Another issue is the uncertainty associated with the fossil dates themselves. Geological dating can be problematic, and preservation biases can inject significant uncertainty into the true minimum ages of clades (see e.g., Morely and Dick, 2003
on Melastomataceae). When used as internal calibration points, their age uncertainty is magnified as progressively deeper node ages are estimated. In extreme cases, multiple "secondary calibrations" are sometimes constructed and then used in subsequent analyses of other taxa, a procedure that has been called into question recently (see Shaul and Graur, 2002
, who developed a useful set of consistency checks on such calibrations; Graur and Martin, 2004
). On the whole, few phylogenetically oriented studies of plant divergence times have used such secondary calibrations (although see Heckman et al., 2001
).
Orthology/paralogy
With the increasing availability of nuclear markers, which are often found in multigene families, the problem of correctly identifying orthologous loci for comparison is becoming increasingly important. To date, the only major study of plant divergence times using many nuclear loci is that of Heckman et al. (2001)

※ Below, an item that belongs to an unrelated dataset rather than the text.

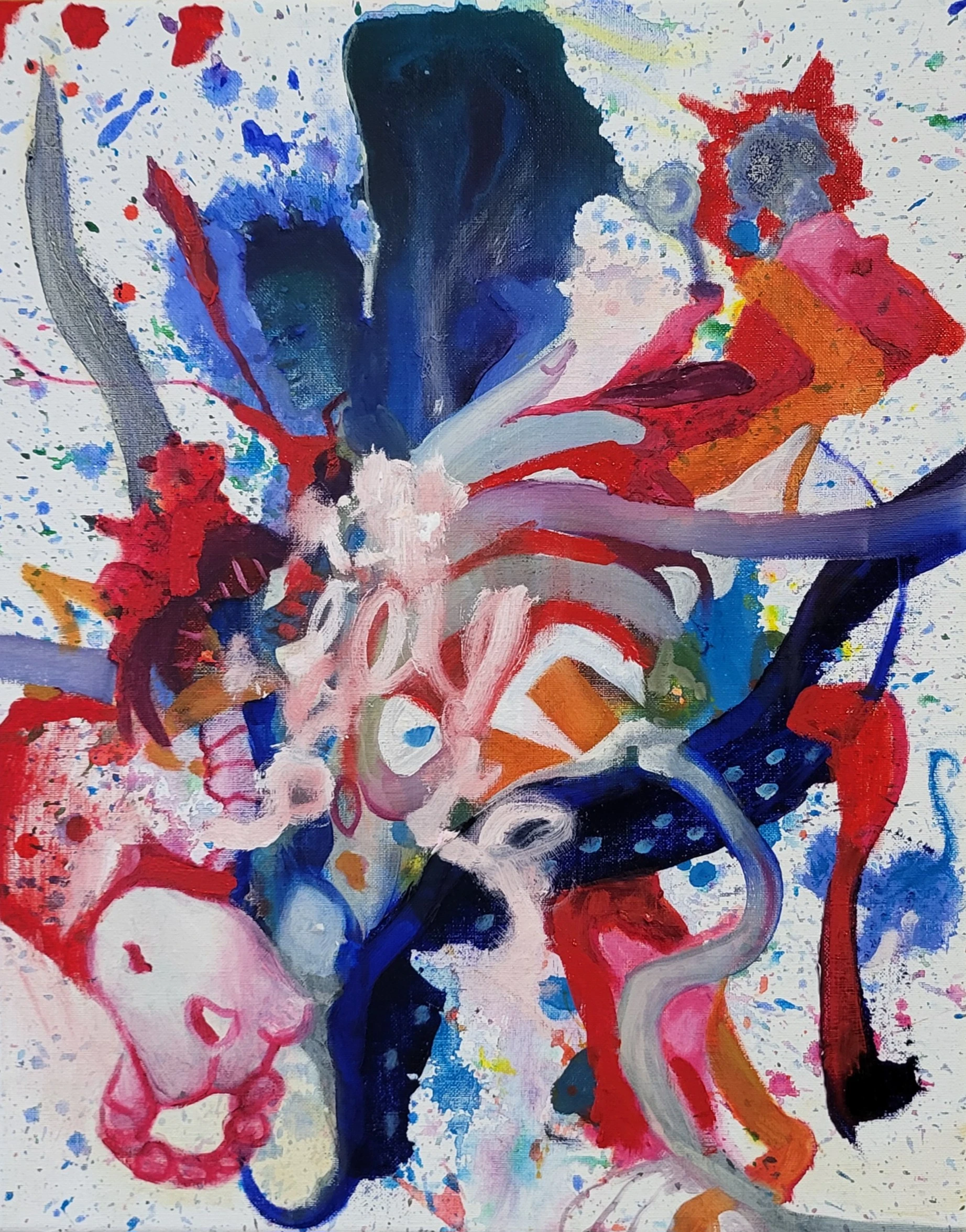 In her paintings, Eefje Van den Brande always starts from a blot on which she lets her imagination loose. She wants to play with the image, using various techniques and layers. A mix of acrylic and oil paint always produces surprising results.

, which used such loci because of their reliance on calibrations outside of plants (plastid genes would thus not be useful). Mistaken labeling of paralogs as orthologs can be problematic for divergence time studies because gene duplications often (though not always) long predate speciation events that separate the taxa of interest (Martin and Burg, 2002
), leading to a downward bias in age estimates. Careful orthology assessment can avoid this problem, but the sparse and sporadic sample of gene families in large sequence databases (Sanderson and Driskell, 2003
) makes such assessments risky in the absence of the kind of detailed genome-scale information available for a few taxa (see e.g., Rokas et al., 2003
, for an example in yeast).
| DIVERGENCE TIMES FOR MAJOR CLADES OF PLANTS |
|---|
|
|
|---|
Plastids
A mosaic history of primary, secondary, and even more complex endosymbioses in photosynthetic eukaryotes clouds divergence time estimation at this level. However, extensive phylogenetic reconstruction using plastid genes provides some clues. In the most taxonomically diverse analysis to date, Yoon et al. (2004)
used five- and six-gene plastid data sets combined with a set of six fossil calibrations to estimate divergence times of major groups of plastid-containing eukaryotes. They inferred that the primary endosymbiosis event occurred prior to 1558 million years ago (mya), which is the estimated crown group age of all plastids. The split between red and green algal plastids was estimated to occur slightly later at 1474 mya.
Green plants
Yoon et al. (2004)
also estimated the age of the split between Charophytes and land plants within green plants at 646792 mya, depending on data partition. The only explicit attempt at dating the crown group age of all green plants (i.e., the split between land plants and chlorophyte green algae) was by Heckman et al. (2001)
. They used 41 protein sequences to estimate the pairwise distance between "chlorophytan green algae" and "higher plants." Three distant, external calibration points were used, the closest being the crown group node of metazoans, fungi, and plants dated at 1600 mya. These three calibrations were "secondary," having been derived from a previous analysis of 75 nuclear-protein-coding genes (Wang et al., 1999
) calibrated in turn using the vertebrate fossil record (Wang et al., 1999
; Graur and Martin, 2004
). Employing a multigene approach, in which times are averaged across genes, and an average-distance approach, concatenating distances among genes prior to the age estimation, they estimated the green plant crown group age at 1111 and 1010 mya, respectively. Standard errors for the multigene approach were estimated to ±109 my.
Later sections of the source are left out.